NAS with training-aware search: The search optimizes for training speed, not just inference FLOPs.

EfficientNetV2-L achieves 85.7% top-1 accuracy, training 6.8x faster than B7.

Why It Matters

Established the scaling law for CNNs. Before EfficientNet, scaling was ad hoc. Compound scaling provides a principled method that generalizes across architectures.
State-of-the-art efficiency. EfficientNet-B0 matches ResNet-152's accuracy with 7.6x fewer parameters and 17x fewer FLOPs. B7 achieved 84.3% top-1, the highest at the time without extra data.
Transfer learning performance. EfficientNet features transfer exceptionally well: B7 pretrained on ImageNet achieved state-of-the-art results on 5 of 8 common transfer learning datasets.
Practical deployment. The B0-B3 range is well-suited for edge devices, while B4-B7 serve cloud applications, all from a single unified design methodology.

Key Technical Details

SE (Squeeze-and-Excitation) ratio: 0.25 in all MBConv blocks. The SE module first squeezes spatial dimensions via global average pooling, then uses two FC layers to compute channel-wise attention weights.
Stochastic depth with linearly increasing drop probability from 0 (early layers) to 0.2-0.3 (final layers) is critical for regularization in larger models.
The $α \cdot β^{2} \cdot γ^{2} \approx 2$ constraint reflects that FLOPs scale linearly with depth, quadratically with width (both input and output channels), and quadratically with resolution (both spatial dimensions).
EfficientNet-B0 vs. ResNet-50: B0 achieves 77.1% top-1 (vs. 76.0%) with 5.3M params (vs. 25.6M) and 0.39B FLOPs (vs. 4.1B).
Noisy Student Training (Xie et al., 2020): Using EfficientNet with semi-supervised learning achieved 88.4% top-1 on ImageNet, demonstrating the architecture's capacity when data is scaled.
Larger models (B5-B7) are memory-intensive due to high-resolution inputs; B7 at 600x600 resolution requires substantial GPU memory during training.

Common Misconceptions

"Compound scaling is specific to EfficientNet." The principle applies to any architecture. The authors showed compound scaling improves MobileNets and ResNets too, though the optimal ratios may differ.
"EfficientNet is always efficient." B5-B7 are quite large (30M-66M parameters, up to 37B FLOPs) and not suitable for mobile deployment. "Efficient" refers to the accuracy-per-FLOP ratio, not absolute cost.
"The NAS component is the main contribution." The NAS finds a good B0 baseline, but the compound scaling method is the primary contribution. Applying compound scaling to a manually designed baseline also yields strong results.

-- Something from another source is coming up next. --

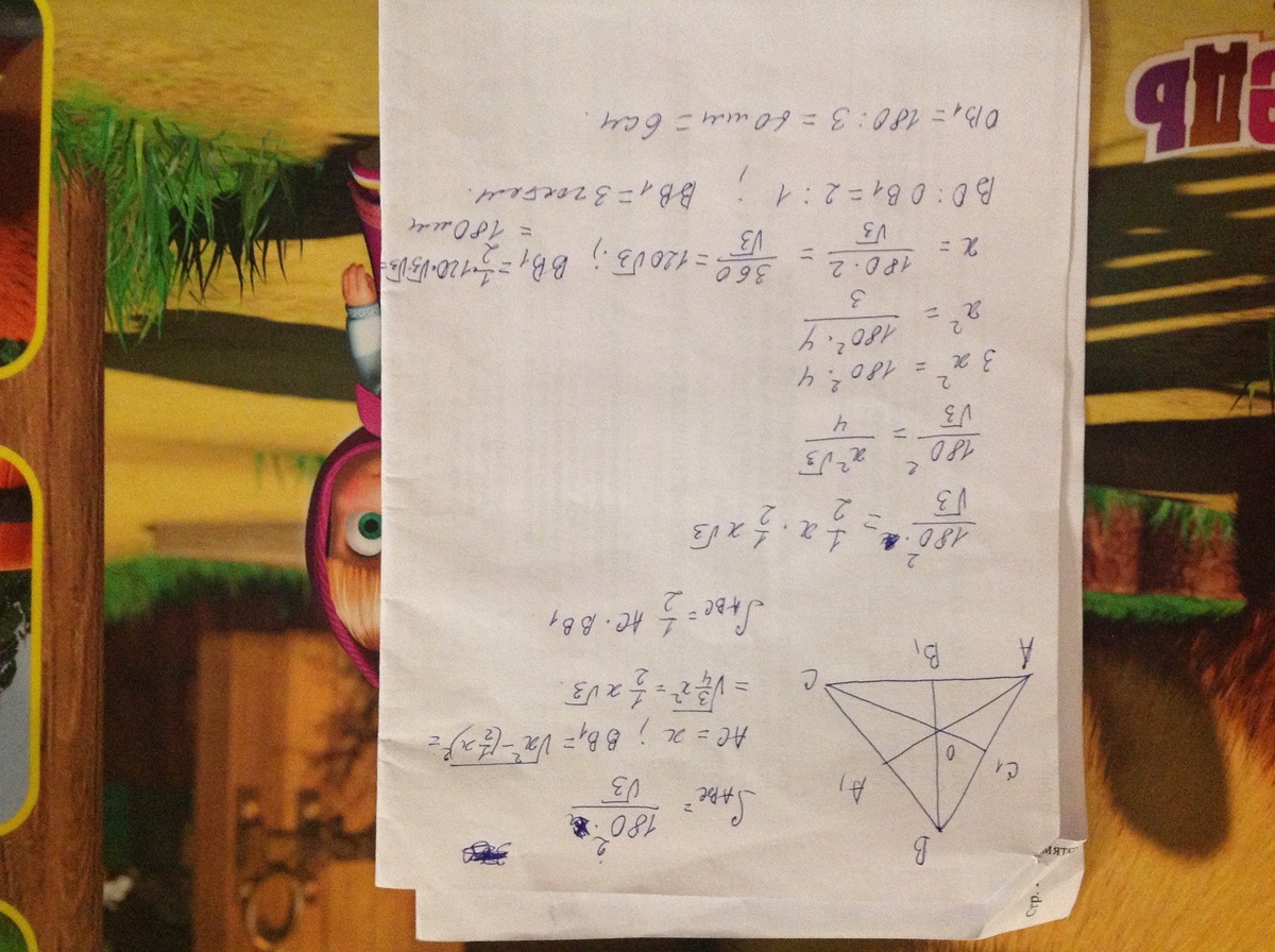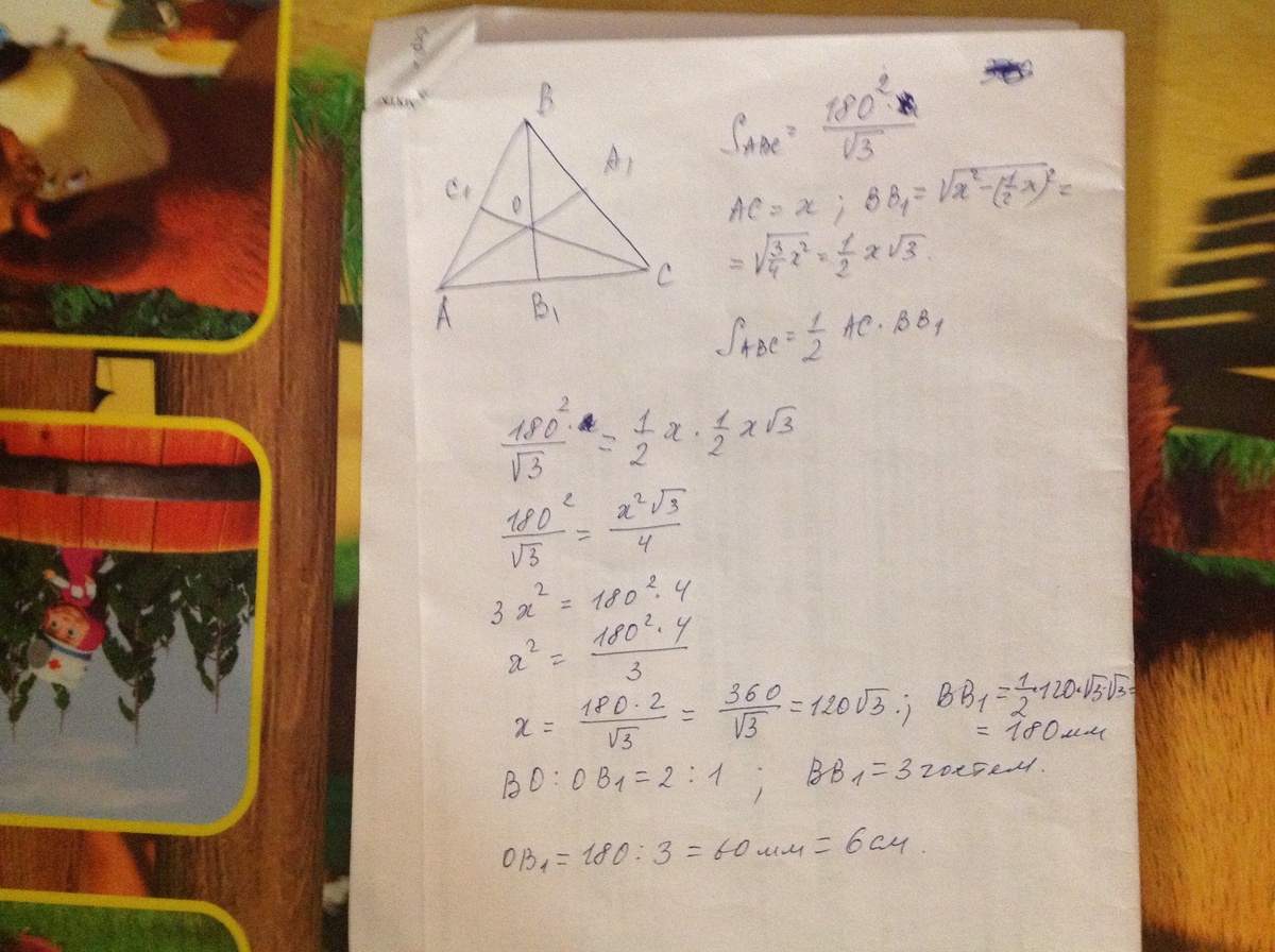 В равностороннем треугольнике ABC медианы AA1,BB1 и CC1 пересекаются в точке O.Зная,что Sabc=180^2/√3 мм^2,найдите длины OA1,OБ1,OC1

Connections to Other Concepts

mobilenet.md: EfficientNet uses MobileNetV2's inverted residual blocks (MBConv) as its building block.
depthwise-separable-convolutions.md: The core operation within every MBConv block.
neural-architecture-search.md: NAS discovers the B0 architecture; the compound scaling method then scales it.
resnet.md: EfficientNet demonstrates that scaling more carefully (compound) outperforms scaling only depth (ResNet's approach) for the same computational budget.